§ HOW TO COMPLETE THIS TASK: The copy should begin at the line containing "术中充分释放脑脊液,从面听神经与岩静脉之间的间隙观察三叉神经。" and end with the last line below, every line exact and no picture included.

-- GIVEN DATA follows --

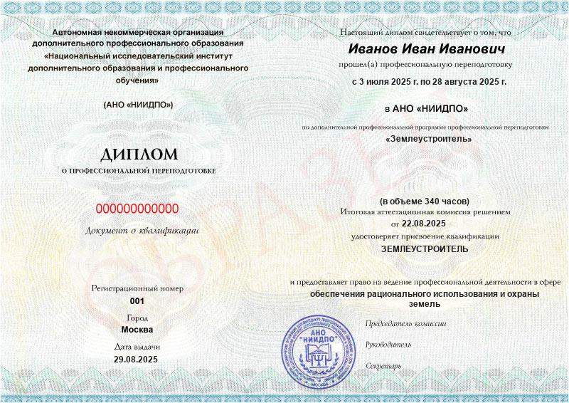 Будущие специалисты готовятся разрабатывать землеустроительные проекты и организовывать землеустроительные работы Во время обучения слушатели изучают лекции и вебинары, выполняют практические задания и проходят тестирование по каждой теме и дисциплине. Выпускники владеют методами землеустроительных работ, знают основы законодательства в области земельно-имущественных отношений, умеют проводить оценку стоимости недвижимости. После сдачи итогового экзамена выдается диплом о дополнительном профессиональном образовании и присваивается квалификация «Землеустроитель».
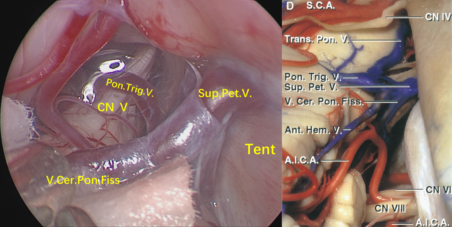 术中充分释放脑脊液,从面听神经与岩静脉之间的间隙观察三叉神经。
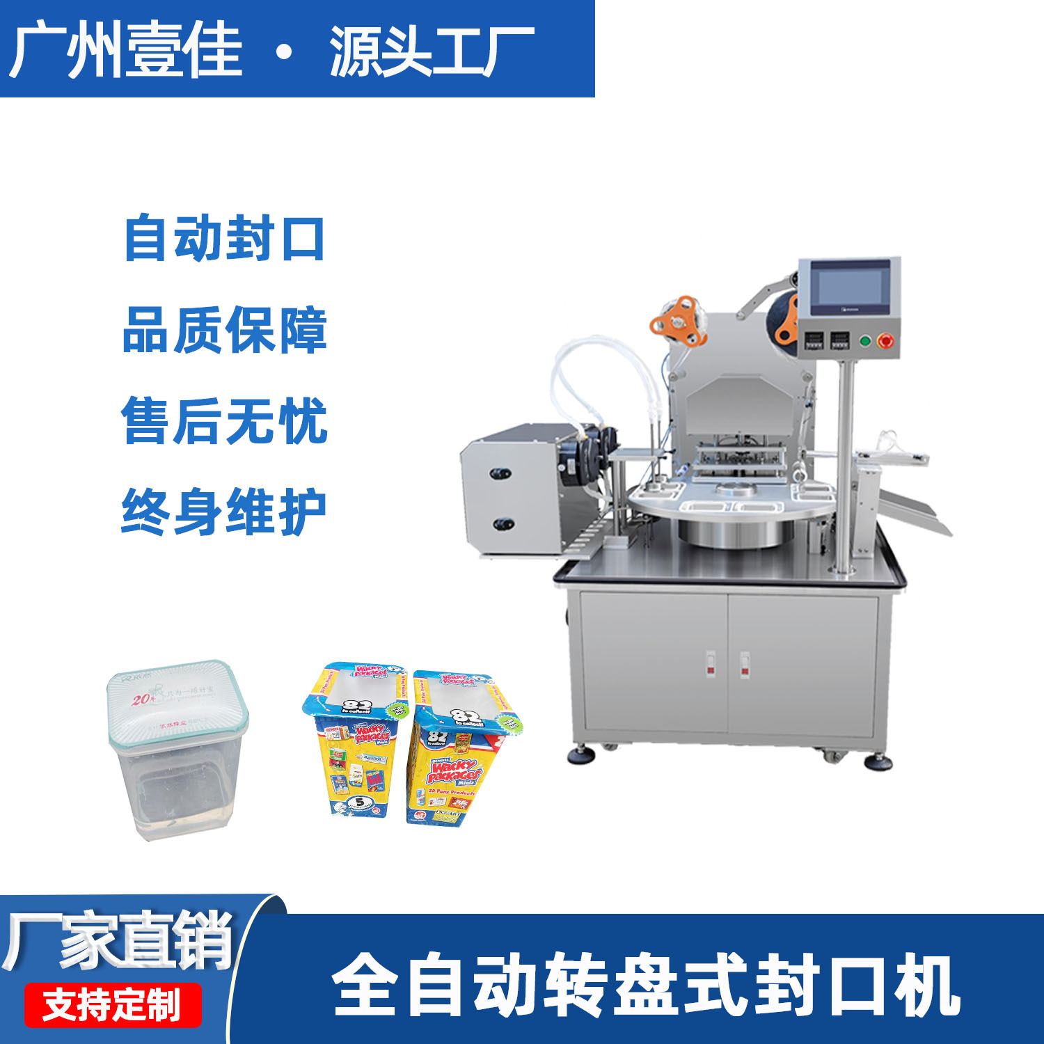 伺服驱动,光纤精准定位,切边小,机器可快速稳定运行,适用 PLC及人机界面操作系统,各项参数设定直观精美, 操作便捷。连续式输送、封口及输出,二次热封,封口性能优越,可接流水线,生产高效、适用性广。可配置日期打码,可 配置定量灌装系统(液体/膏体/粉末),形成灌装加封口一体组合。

-- GIVEN DATA concluded --

§ RESPONSE:
 术中充分释放脑脊液,从面听神经与岩静脉之间的间隙观察三叉神经。
 伺服驱动,光纤精准定位,切边小,机器可快速稳定运行,适用 PLC及人机界面操作系统,各项参数设定直观精美, 操作便捷。连续式输送、封口及输出,二次热封,封口性能优越,可接流水线,生产高效、适用性广。可配置日期打码,可 配置定量灌装系统(液体/膏体/粉末),形成灌装加封口一体组合。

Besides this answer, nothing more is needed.